4 minute read

Lab Pilot Programs

Next Article
Introduction

Introduction

Lab Program

The Lab evaluation is critical to the overall success of the project. As such, it represents the greatest single opportunity to create friction or overall failure. The entire process up until this point is designed to provide the committee sufficient information, from initial interviews of the functional business units, through the actual RFP submission and subsequent product demonstrations, all the way to the selection of the final vendor, to create the “success criteria.” These criteria should be prioritized and transparently evaluated through the Lab phase of the project.

SUCCESS CRITERIA

Mutually agree with selected vendor(s) on the success criteria and sign off. Success criteria should be weighed/prioritized, since no single system/solution will ever accomplish everything for everyone.

LAB ACCURACY

Lab should fully represent the most common environment/ecosystem, representative of the actual live Pilot to follow. This includes an accurate number of POS terminals, printers, KDS, OCBs, payment terminals, etc., all connected to the same network (and appliances) as the Pilot location, with functional integration partners integrated and sharing data.

UNIFORMITY

Arrange a heavily scripted, uniform process for internal demos to judge success against prioritized requirements.

SCORING

After evaluating, apply predetermined weighting to criteria in order to create a scorecard for stakeholders to validate/ choose a final solution to enter Pilot.

NOTE: There is always some portion of the Lab that cannot fully replicate the solution, until the ecosystem is recreated in a full production environment; however, as much testing as possible should be done in this demo/test environment.

Lab & Pilot Programs

Pilot Program

Both the Lab and the Pilot phases will be somewhat fluid, as inevitably some thing(s) will be unearthed that may present as gaps critical to the next stage. These will need to be triaged, scoped, prioritized, and potentially delivered before the next stage of the process can be met. Being a partner to one another is extremely important. The give and take nature of this stage is extremely critical for the long-term relationship and success of the project.

LOCATION

The best practice is to use the exact same physical ecosystem evaluated during the Lab in the Pilot location (whenever possible).

The Pilot location should be relatively easy for stakeholders to visit.

Immediately replace the Lab, as one should always have a fully functioning and storerepresentative Lab of whatever technology being evaluating or used in the field.

Choosing the proper Pilot location(s) is extremely important, as there will inevitably be some growing pains, or outright frustration, experienced with entirely new system implementations.

STAFF

The Pilot should have a very strong, yet malleable, operational staff, and should neither be the busiest, nor least busy location across the chain.

All users at the Pilot location should be made aware of the project and the reasons for the project, success criteria, & process for validation of the Lab.

Whenever possible, train Pilot location staff on the Lab system prior to implementation.

TIMELINE

Typically 4-8 weeks • Consider your business cycles, e.g. payroll (weekly, biweekly, monthly) and accounting/ financial periods (monthly, 4-4-5). • You may want to include multiple payroll cycles and/or period ends in the process, just so all manager and related business unit processes can be completed more than once.

MANAGING COSTS

• Lab and pilot costs should be accounted for, as once the system goes “live” the all-in costs associated with getting the first store live will be a multiple of the next, etc.

HARDWARE

• Develop a sample restaurant configuration for your concept and have the vendor price it out, or pick a specific location. • Make sure to include everything required to run the POS system (terminals, printers, PCs, networking equipment, KDS, scanners, etc).

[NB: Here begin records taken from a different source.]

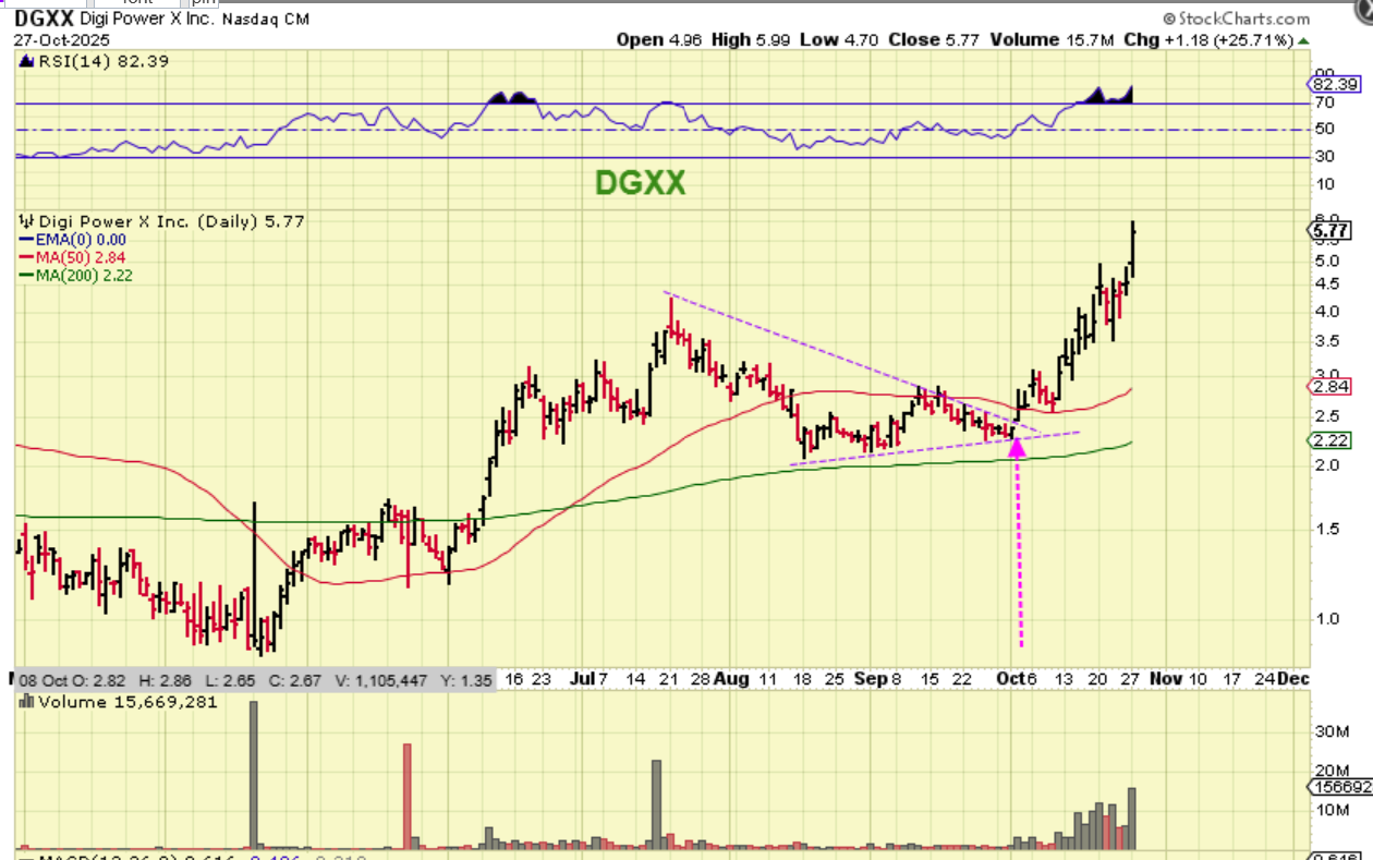 DGXX has also been running quickly to new highs too, but I have been feeling that it has something to do with the new report that came out on October 1st about the AI Certification. After that report, it broke the downtrend and hasn’t looked back yet. This strength could be attributed to its’ Crypto and AI.
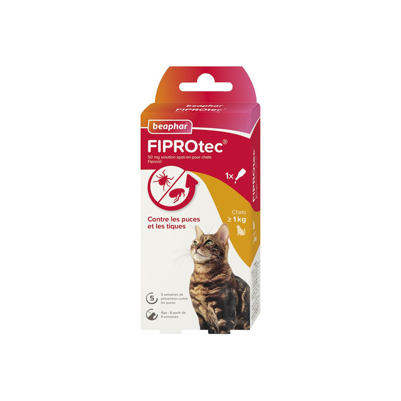 Les pipettes FIPROtec de Beaphar permettent de traiter et prévenir les infestations par les puces ou par les tiques chez le chat grâce à l'action du Fipronil.
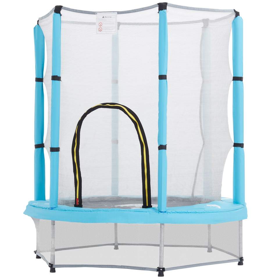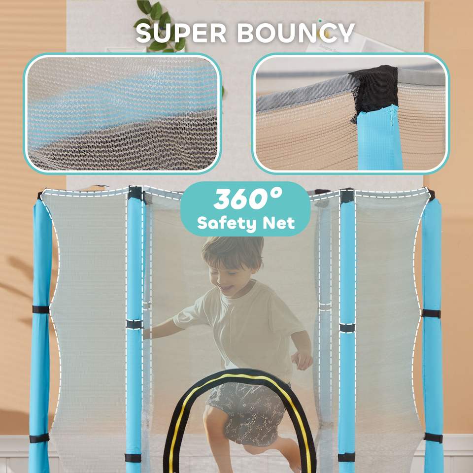 Trampolín Infantil de 4.6 Pies con Diseño de Delfines Azul Claro, con Red de Seguridad, Trampolín Recreativo para Uso en Interiores y Exteriores
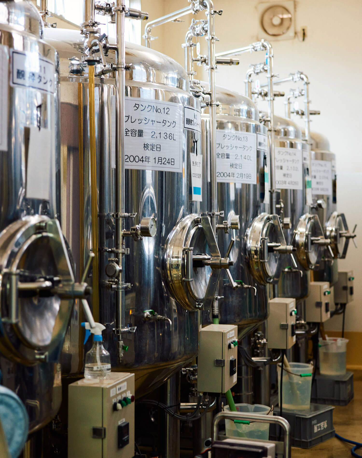 そんな『淡路ビール』の心臓が、こちらのずらりと並ぶ発酵タンク。片山さんによると、工場内には計14基のタンクがあり、定番7銘柄に季節モノを組み合わせながら、ローテーションを組みつつ日々仕込みを回しているとか。

The vendor can be of significant help here. • If you’re replacing piece-for-piece, costs can be straightforward; if you’re changing the configuration or adding/deleting technologies, it can become significantly more complex. • Does your vendor provide all the required equipment or will there be some third-party components? If so, make sure those costs are considered and factored in.

SOFTWARE

• Obtain a price from the vendor for your sample restaurant configuration and/or specifics using an existing location. • Will software be a one-time purchase or a recurring cost?

SUPPORT

• Are you supporting the product in-house, outsourcing or some mix? • Get costs for support that fit your concept style. (Example: If you’re open 24/7 you may need support that is always available.) • Consider third-party support options. • Consider companies that support specific

POS brands very well, and ask if they provide varying options outside of what the POS vendor offers.

TRAINING AND/OR GO-LIVE SUPPORT

• Think about the implementation/conversion process, and plan for training restaurant staff, managers and above-store support personnel. • Consider a “Training the Trainer” model as a significant cost-saver. If you have someone inside your organization who can learn the process from the vendor, then train your staff.

INTEGRATION

• Often overlooked is what it costs for your existing integrations to work with your new POS. What additional costs are required to reconfigure your credit cards, gift cards, loyalty, online ordering, above-store reporting systems, etc.? • Obtain costs (if any) from all your existing or new vendor partners, and ask yourself if there may be any miscellaneous costs involved.